レスポンスのパススルー — CometAPI はモデルのレスポンスを変更せずにそのまま返します（プロバイダー間でルーティングする際の形式の正規化を除く）。これにより、元の API と一貫した出力を受け取れます。

OpenAI Pro モデル — OpenAI Pro シリーズモデル（例: o1-pro）では、代わりに responses エンドポイントを使用してください。

メッセージロール

Role	Description
`system`	アシスタントの動作と個性を設定します。会話の先頭に配置されます。
`developer`	新しいモデル（o1+）では `system` の代わりに使います。ユーザー入力に関係なく、モデルが従うべき指示を提供します。
`user`	エンドユーザーからのメッセージです。
`assistant`	以前のモデル応答で、会話履歴を維持するために使用されます。
`tool`	ツール/関数呼び出しの結果です。元のツール呼び出しに一致する `tool_call_id` を含める必要があります。

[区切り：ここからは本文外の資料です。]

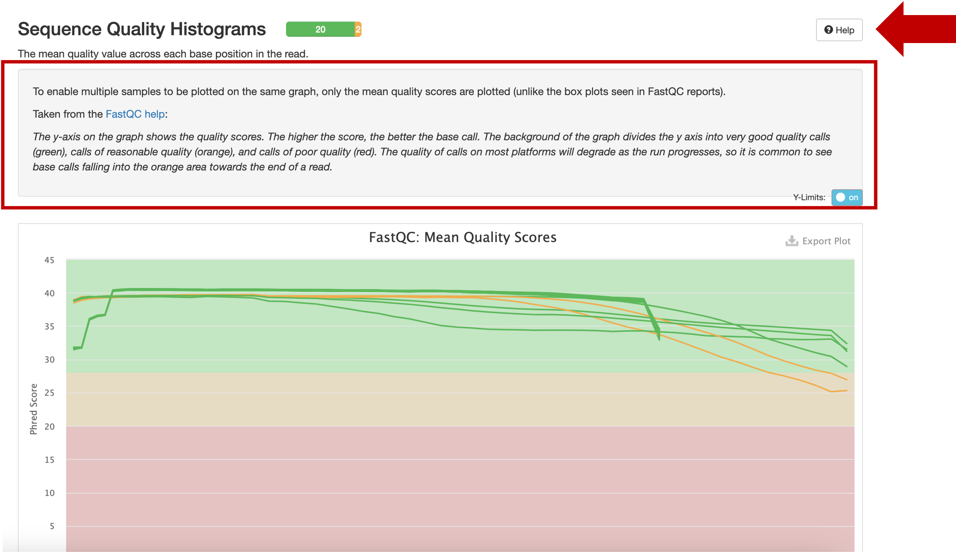 In the interest of conciseness, I will not go through every plot individually to explain what it does, because that is something that the MultiQC report can do. Just click the tiny “Help” button, and you will get a window with an explanation of what the respective statistic shows. If you need more information on a specific field, you can also dive into detail in the FastQC help.

新しいモデル（GPT-4.1、GPT-5 シリーズ、o-series）では、指示メッセージに system よりも developer を推奨します。どちらも動作しますが、developer のほうが指示追従性が強くなります。

マルチモーダル（Multimodal）入力

多くのモデルは、テキストに加えて画像や音声もサポートしています。マルチモーダルメッセージを送信するには、content に配列形式を使用します。

{
  "role": "user",
  "content": [
    {"type": "text", "text": "Describe this image"},
    {
      "type": "image_url",
      "image_url": {
        "url": "https://example.com/image.png",
        "detail": "high"
      }
    }
  ]
}

detail パラメータは画像解析の深さを制御します。

low — 高速で、使用するトークン（Token）が少ない（固定コスト）
high — 詳細な解析を行い、より多くのトークン（Token）を消費
auto — モデルが自動で決定（デフォルト）

ストリーミング（Streaming）

stream を true に設定すると、レスポンスは Server-Sent Events (SSE) として配信されます。各イベントには、増分コンテンツを含む chat.completion.chunk オブジェクトが含まれます。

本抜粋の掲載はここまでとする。